Why this is important is that I believe that God is going to create a copy of me so that no one will notice that I'm gone.


I'm glad to hear that you have a psychiatrist. I saw and heard some things that were kind of like miraculous signs too. Because of that I kept believing the voices even though like everything else they were telling me were just lies. I'm sorry to hear that you still hear voices even while taking meds. I just wonder why if you believe you are dealing with the devil that you think the devil is telling you the truth? The devil is the father of lies.

John 8:44

You are of your father the devil, and your will is to do your father’s desires. He was a murderer from the beginning, and does not stand in the truth, because there is no truth in him. When he lies, he speaks out of his own character, for he is a liar and the father of lies.

Just because you thought you saw miraculous signs, does not mean you should be believe the messages.

2 Thessalonians 2:9

The coming of the lawless one is by the activity of Satan with all power and false signs and wonders,

Matthew 24:24

For false christs and false prophets will arise and perform great signs and wonders, so as to lead astray, if possible, even the elect.
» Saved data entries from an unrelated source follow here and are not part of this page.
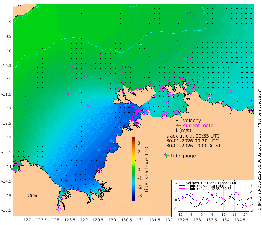 166cm/s -102T +4cm/s rms + 6cm/s 51T. Darwin_C1 52m 135cm/s -90T +4cm/s rms + 7cm/s -161T. Darwin_CW1 22m 77cm/s -106T +4cm/s rms + 8cm/s 61T. Darwin_CW2 34m 85cm/s -136T +3cm/s rms + 9cm/s 98T. Darwin_CW3 22m 121cm/s -90T +5cm/s rms + 7cm/s 88T. Darwin_C3 56m 99cm/s -115T +2cm/s rms + 9cm/s -126T. Darwin_CTbW 22m 5cm/s -115T +9cm/s rms + 2cm/s -110T. NWSLYN 196m 28cm/s -101T +1cm/s rms + 1cm/s -47T. DARBGF 30m 9cm/s 164T +7cm/s rms + 2cm/s -137T. ITFTIS 464m 5cm/s 178T +9cm/s rms + 1cm/s 74T. ITFMHB 146m 8cm/s 6T +4cm/s rms + 1cm/s -134T. ITFJBG 61m 2cm/s 164T +6cm/s rms + 4cm/s 121T. ITFFTB 108m 17cm/s -75T +4cm/s rms + 3cm/s 80T. NRSDAR 19m -57cm Carronade Island -56cm Guy Point -62cm Napier Broome Bay -134cm Lesueur Island -181cm Reveley Island -83cm Rocky Island -241cm Cape Domett -230cm Lacrosse Island -234cm Adolphus Island -187cm Pender Point -184cm Wyndham -89cm The Boxers -101cm Unnamed Shoal -18cm Loxton Shoal -249cm Pelican Island -68cm Calder Shoal -27cm Evans Shoal -253cm Quoin Island -254cm Port Keats -245cm Jones Point -257cm Catfish Island -200cm Cape Scott Offshore -245cm Cape Ford -218cm Anson Bay -45cm Goodrich Bank -201cm Peron Island North -211cm Point Jenny -208cm Native Point -216cm Fish Reef -224cm Tapa Bay -131cm Point Fawcett (Offshore) -242cm Burge Point -191cm Munkunuwa -194cm Beagle A -222cm Parsons Bank -236cm Fenton Patches -32cm Lynedoch Bank -224cm Hancox Shoal Area -237cm Nightcliff -247cm Darwin -234cm Charles Point Patches -200cm Glyde Point -170cm Chambers Bay -167cm Point Stuart -176cm Cape Hotham -166cm Christine Reef -174cm West Alligator Head -167cm East Field Island -154cm Two Hills Bay -167cm Newby Shoal -156cm Camp Point -213cm Medina Inlet South -106cm South Barlow Point -83cm St. Asaph Bay -49cm Cape Van Dieman -52cm Snake Bay -60cm Cache Point -3cm Echo Shoal -69cm Point Jahleel (Off) -113cm Cape Don -75cm Port Essington -76cm Smith Point - West -73cm NW Peacock Island -58cm North Of Jones Shoal -22cm Peacock Island -86cm Point David -78cm D'urville Point -70cm Money Shoal -86cm Copeland Island -119cm Cape Cockburn -86cm One Tree Point -116cm Hogmany Shoal -93cm New Year Island - West -95cm Grant Island -103cm Aurari Bay -124cm Cuthbert Point -107cm North Goulburn Island -129cm Paxie Shoal -137cm Entrance Island -144cm Yabooma Island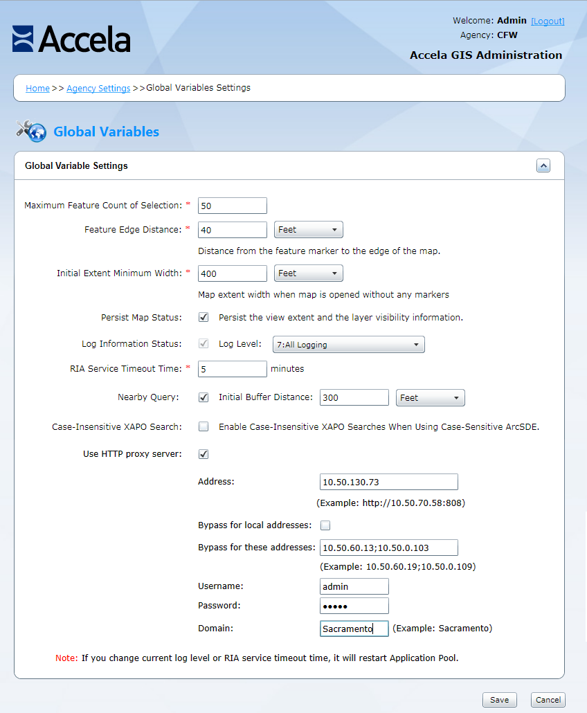 The Accela Silverlight GIS Administration site displays the Global Variable Settings page.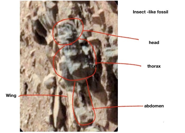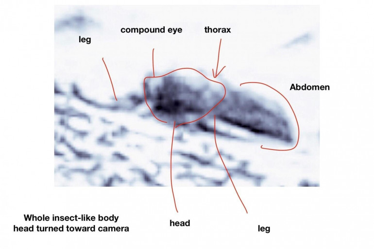 "Trois régions du corps, une seule paire d'antennes et six pattes suffisent traditionnellement pour établir l'identification en tant qu'insecte sur Terre, estime le Dr Romoser. Ces caractéristiques doivent également être valables pour identifier un organisme sur Mars comme semblable aux insectes. Sur ces bases, on peut voir des formes semblables à des insectes sur les photos."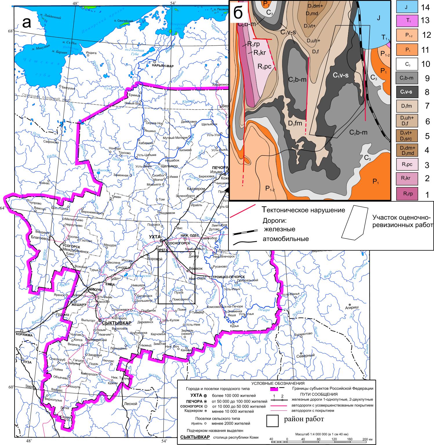 Рисунок. 1. Местонахождения района работ (а) и фрагмент геологической карты, по материалам Ю.К. Крылова [3], с обозначенным участком работ (б). Условные обозначения: 1 – ропчинская свита верхнего рифея; 2 – кислоручейская свита верхнего рифея; 3 – потчурская свита верхнего рифея; 4 – мендымская и доманиковая свиты верхнего девона; 5 – ветласянская и сирачойская свиты верхнего девона; 6 – ухтинская свита и нерасчлененные отложения франского яруса верхнего девона; 7 – фаменский ярус верхнего девона; 8 – визейский и серпуховский ярусы нижнего карбона нерасчлененные; 9 – башкирский и московский ярусы среднего карбона; 10 – нерасчлененный верхний отдел каменноугольной системы; 11 – нижний отдел пермской системы нерасчлененный; 12 – уфимский и казанский ярусы нижнего и среднего отделов пермской системы; 13 – нижний отдел триасовой системы; 14 – юрская система.
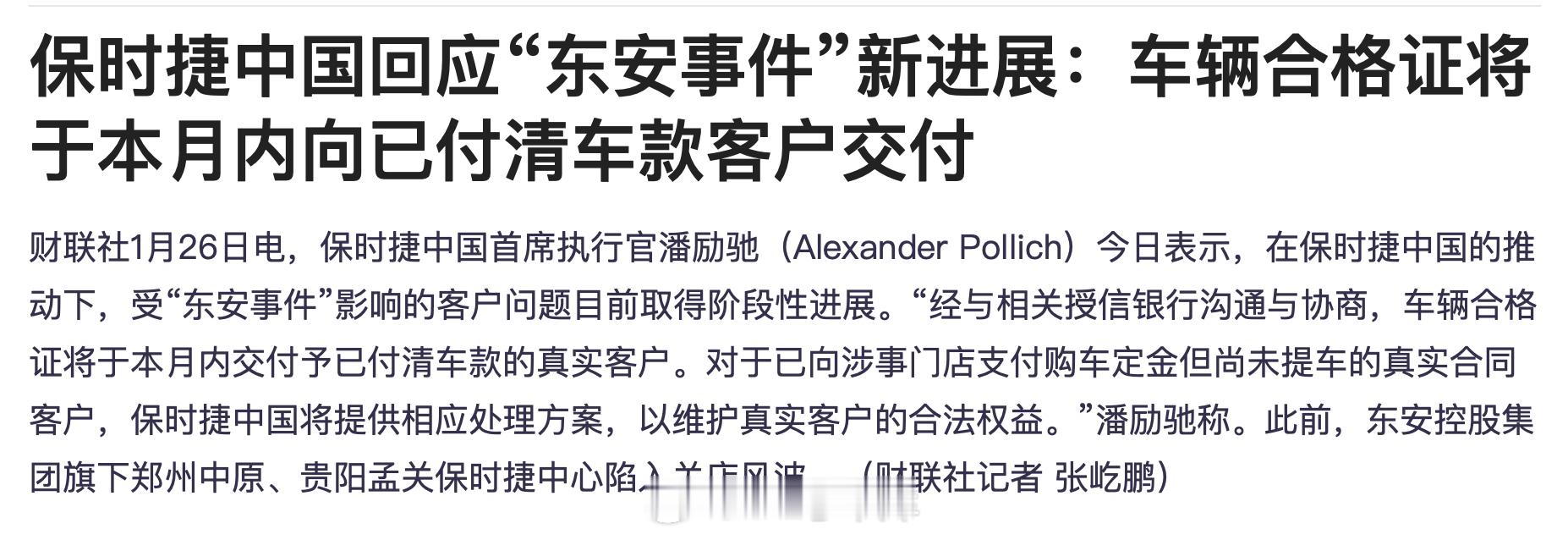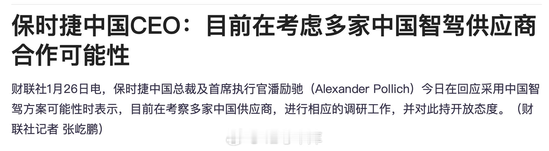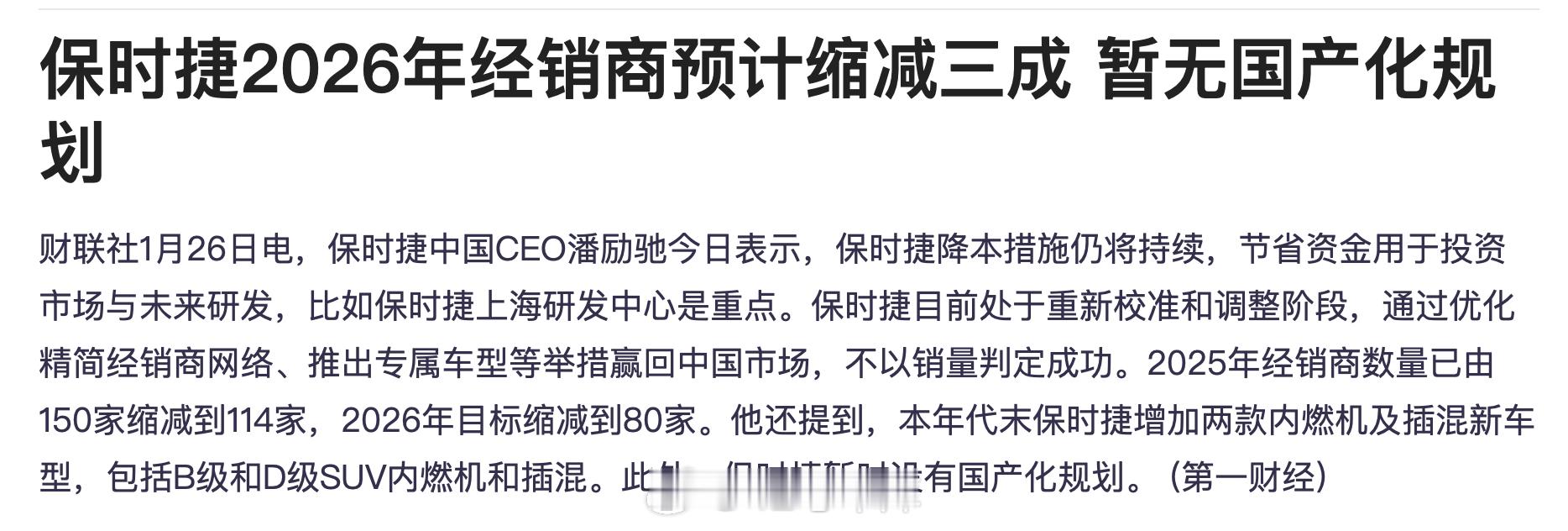 今天保时捷 CEO 潘励驰跟《财联社》等媒体透露的一些关于保时捷的新消息:- 智驾方面,目前在考察多家中国供应商,进行相应的调研工作,并对跟中国供应商的合作持开放态度。- 2025 年经销商数量已由 150 家缩减到 114 家,2026 年目标缩减到 80 家。本年代末保时捷增加两款内燃机及插混新车型,包括 B 级和 D 级 SUV 内燃机和插混。此外,保时捷暂时没有国产化规划。- 之前东安控股集团旗下郑州中原、贵阳孟关保时捷中心陷入关店风波。潘励驰今天回应:「经与相关授信银行沟通与协商,车辆合格证将于本月内交付予已付清车款的真实客户。对于已向涉事门店支付购车定金但尚未提车的真实合同客户,保时捷中国将提供相应处理方案,以维护真实客户的合法权益。」大家觉得保时捷今年的销量能回暖不?42how新能源汽车保时捷

Jesus performed miracles, but you'll notice that they were miracles that were also good works, like feeding people and healing people. I personally think at this point in my life that the voices I heard were demons, all of them. I don't believe that God ever spoke to me audibly while awake, although I do think that God spoke to me in a dream for sure at least once, although other times I'm not as certain about. I also don't believe that your dad is a clone. I think the voices are screwing with your head. I personally think that the one or two things that I witnessed by what I consider to be demons, although most believe them to be just my subconscious, that I thought were somewhat miraculous were shown to me for the purpose of convincing me to believe in the demons and it almost caused me to commit suicide because they were telling me to. I suggest you disregard the miraculous signs and realize that they are not necessarily things from God.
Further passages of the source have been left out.